> What is expected
Every line below from the one with "等所有丸子浮起来加入部分葱和姜丝煮10分钟" through the one with "YATWIN Кейс за" is to be repeated exactly, with no picture among them.

> Supplied records
___

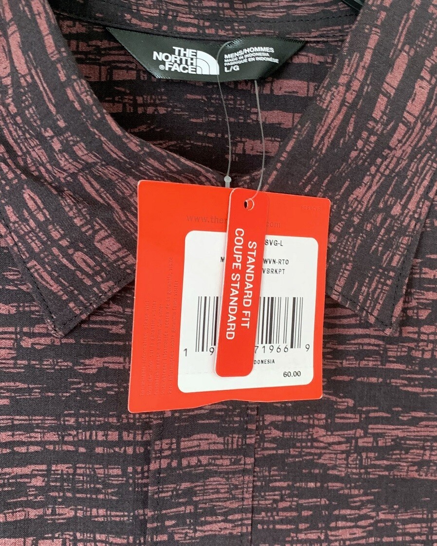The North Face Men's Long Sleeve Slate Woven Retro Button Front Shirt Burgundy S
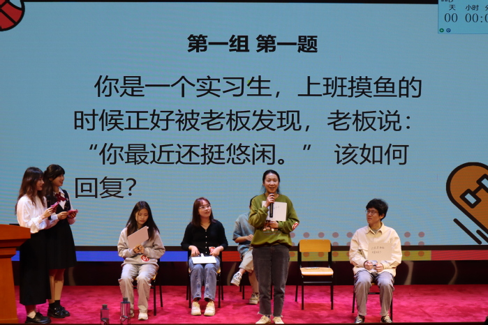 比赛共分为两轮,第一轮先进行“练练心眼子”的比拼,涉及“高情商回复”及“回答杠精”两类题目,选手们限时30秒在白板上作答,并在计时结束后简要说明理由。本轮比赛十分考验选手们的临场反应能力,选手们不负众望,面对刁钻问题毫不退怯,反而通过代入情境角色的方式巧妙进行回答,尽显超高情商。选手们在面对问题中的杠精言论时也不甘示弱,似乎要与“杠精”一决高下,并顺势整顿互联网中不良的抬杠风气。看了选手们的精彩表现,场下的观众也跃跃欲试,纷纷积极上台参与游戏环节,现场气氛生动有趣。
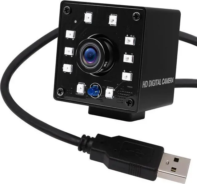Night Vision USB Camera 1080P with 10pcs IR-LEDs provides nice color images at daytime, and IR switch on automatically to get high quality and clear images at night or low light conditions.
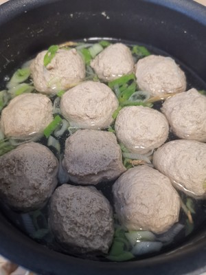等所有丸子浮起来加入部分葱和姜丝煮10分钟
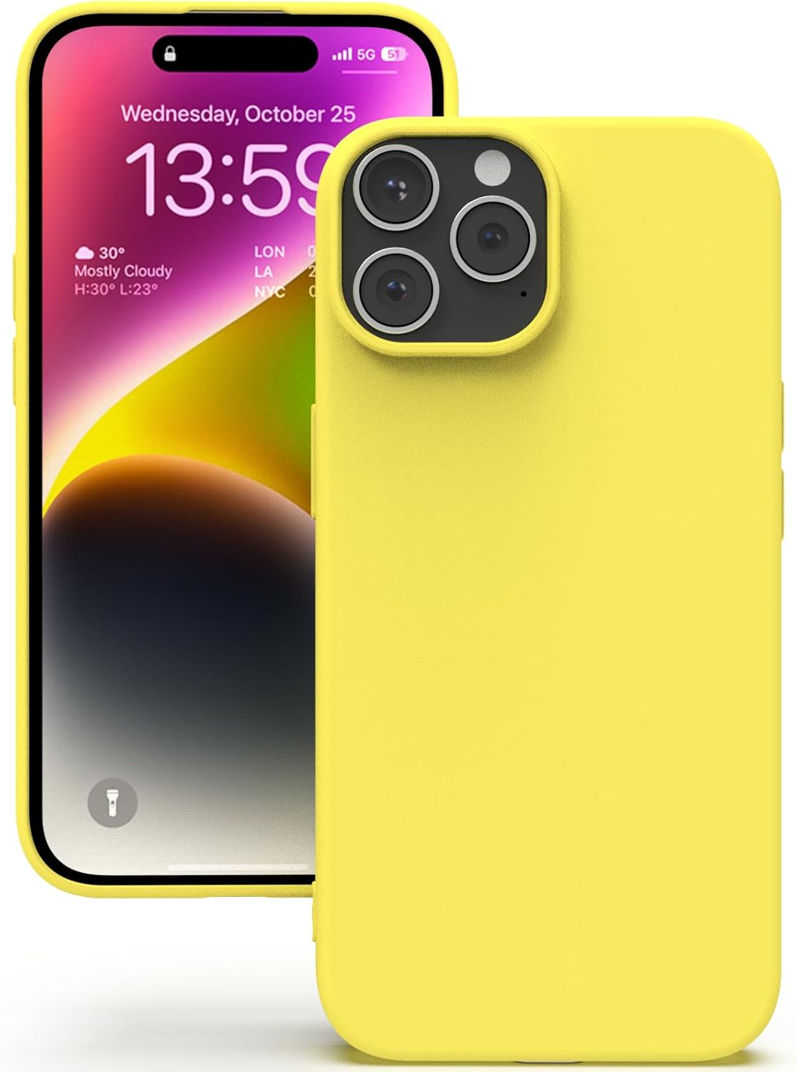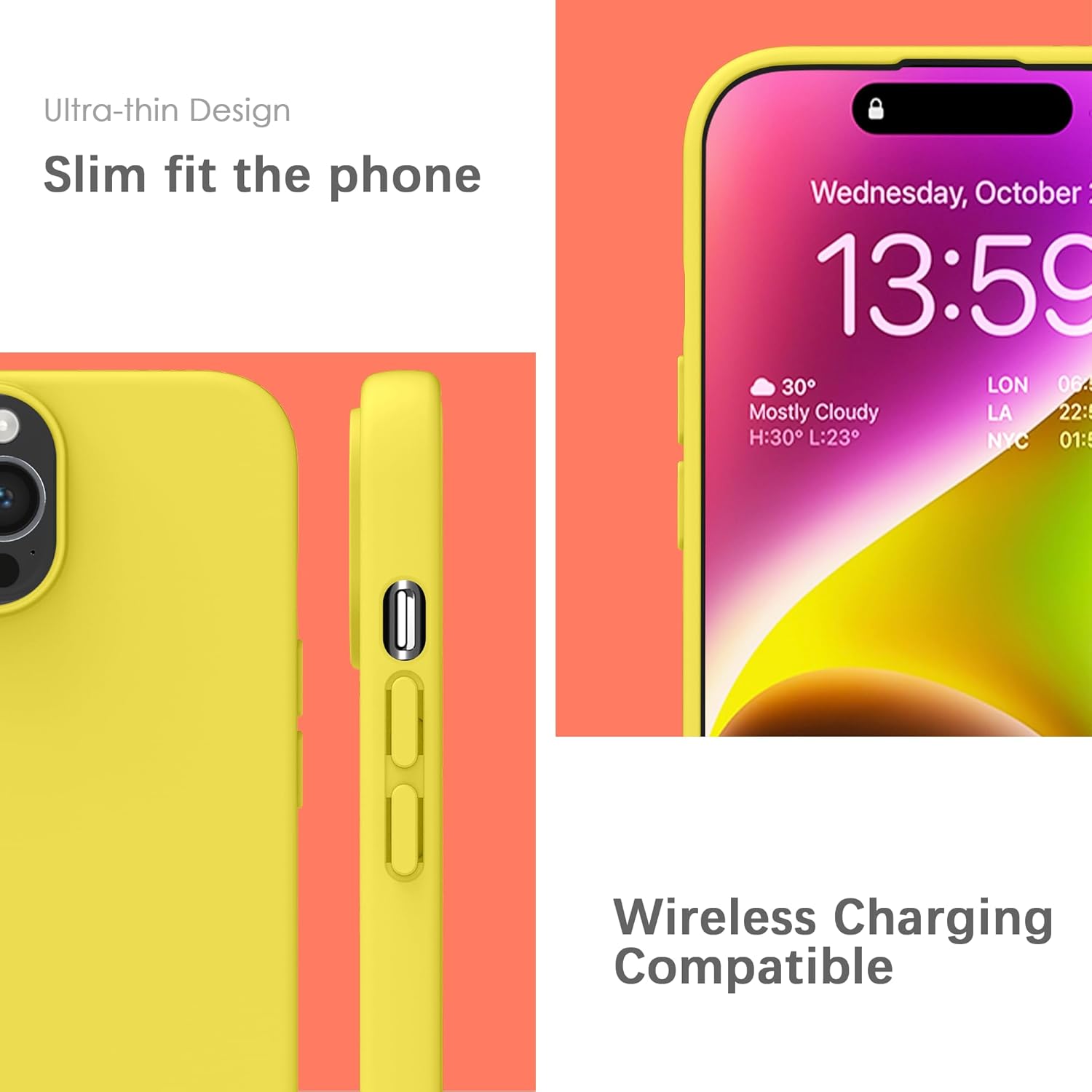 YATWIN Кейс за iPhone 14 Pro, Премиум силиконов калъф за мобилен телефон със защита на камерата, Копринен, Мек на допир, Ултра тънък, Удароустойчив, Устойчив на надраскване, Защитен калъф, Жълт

___

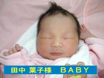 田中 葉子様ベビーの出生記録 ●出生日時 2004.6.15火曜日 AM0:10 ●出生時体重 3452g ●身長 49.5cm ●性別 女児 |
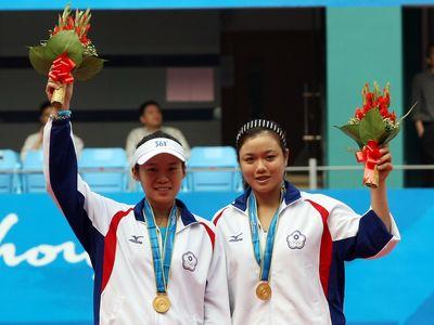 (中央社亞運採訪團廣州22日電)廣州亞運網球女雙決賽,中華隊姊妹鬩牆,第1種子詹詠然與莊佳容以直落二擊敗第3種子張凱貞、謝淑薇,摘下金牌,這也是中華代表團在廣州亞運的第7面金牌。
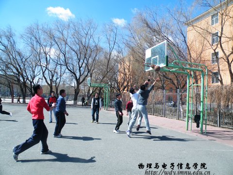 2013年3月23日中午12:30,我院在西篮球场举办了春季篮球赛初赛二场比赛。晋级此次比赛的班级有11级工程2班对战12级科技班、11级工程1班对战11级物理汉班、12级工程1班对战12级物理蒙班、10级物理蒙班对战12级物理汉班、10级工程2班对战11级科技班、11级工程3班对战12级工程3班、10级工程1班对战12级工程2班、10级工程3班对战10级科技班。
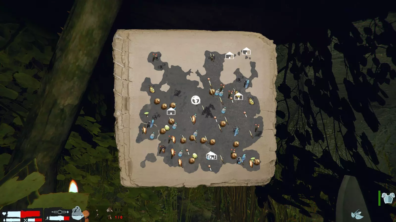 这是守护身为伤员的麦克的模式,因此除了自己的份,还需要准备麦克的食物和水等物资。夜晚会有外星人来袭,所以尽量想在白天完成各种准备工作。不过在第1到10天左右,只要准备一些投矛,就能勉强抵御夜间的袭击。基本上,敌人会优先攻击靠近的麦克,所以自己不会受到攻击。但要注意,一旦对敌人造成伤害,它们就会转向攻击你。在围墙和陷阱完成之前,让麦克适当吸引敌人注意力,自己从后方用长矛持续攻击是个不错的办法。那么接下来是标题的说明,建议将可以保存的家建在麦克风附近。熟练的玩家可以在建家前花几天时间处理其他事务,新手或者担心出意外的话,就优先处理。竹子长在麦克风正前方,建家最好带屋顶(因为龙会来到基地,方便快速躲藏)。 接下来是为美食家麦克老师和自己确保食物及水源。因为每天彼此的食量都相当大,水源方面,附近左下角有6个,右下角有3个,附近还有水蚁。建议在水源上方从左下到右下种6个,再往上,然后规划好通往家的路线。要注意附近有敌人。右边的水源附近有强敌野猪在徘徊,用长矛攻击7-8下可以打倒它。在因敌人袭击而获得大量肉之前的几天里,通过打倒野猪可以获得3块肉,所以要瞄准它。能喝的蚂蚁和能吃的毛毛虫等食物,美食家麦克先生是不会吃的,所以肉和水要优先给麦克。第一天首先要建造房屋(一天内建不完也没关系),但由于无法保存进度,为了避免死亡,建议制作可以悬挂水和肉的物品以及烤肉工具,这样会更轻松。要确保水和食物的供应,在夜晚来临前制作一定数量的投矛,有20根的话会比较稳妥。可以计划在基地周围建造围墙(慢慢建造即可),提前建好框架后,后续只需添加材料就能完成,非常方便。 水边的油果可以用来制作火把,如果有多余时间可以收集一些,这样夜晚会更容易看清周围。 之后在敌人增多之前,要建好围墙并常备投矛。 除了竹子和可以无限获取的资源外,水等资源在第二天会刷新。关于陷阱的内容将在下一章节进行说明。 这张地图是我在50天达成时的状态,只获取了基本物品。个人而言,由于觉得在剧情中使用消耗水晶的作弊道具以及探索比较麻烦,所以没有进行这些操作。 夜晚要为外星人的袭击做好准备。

___

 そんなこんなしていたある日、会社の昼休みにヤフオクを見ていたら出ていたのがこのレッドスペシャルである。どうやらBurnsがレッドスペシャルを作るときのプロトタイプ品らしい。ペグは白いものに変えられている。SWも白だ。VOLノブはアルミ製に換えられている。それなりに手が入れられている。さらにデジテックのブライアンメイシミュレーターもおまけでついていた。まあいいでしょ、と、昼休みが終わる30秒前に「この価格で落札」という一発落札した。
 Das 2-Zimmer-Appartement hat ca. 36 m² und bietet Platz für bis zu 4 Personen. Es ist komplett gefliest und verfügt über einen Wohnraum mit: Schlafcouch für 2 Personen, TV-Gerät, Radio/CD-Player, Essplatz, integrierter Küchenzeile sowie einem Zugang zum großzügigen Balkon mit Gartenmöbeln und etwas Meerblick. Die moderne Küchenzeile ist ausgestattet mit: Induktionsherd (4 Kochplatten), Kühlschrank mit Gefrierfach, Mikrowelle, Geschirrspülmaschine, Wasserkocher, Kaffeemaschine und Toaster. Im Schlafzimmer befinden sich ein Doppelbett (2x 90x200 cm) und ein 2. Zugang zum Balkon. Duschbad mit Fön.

___

> Exercise solution
等所有丸子浮起来加入部分葱和姜丝煮10分钟
 YATWIN Кейс за iPhone 14 Pro, Премиум силиконов калъф за мобилен телефон със защита на камерата, Копринен, Мек на допир, Ултра тънък, Удароустойчив, Устойчив на надраскване, Защитен калъф, Жълт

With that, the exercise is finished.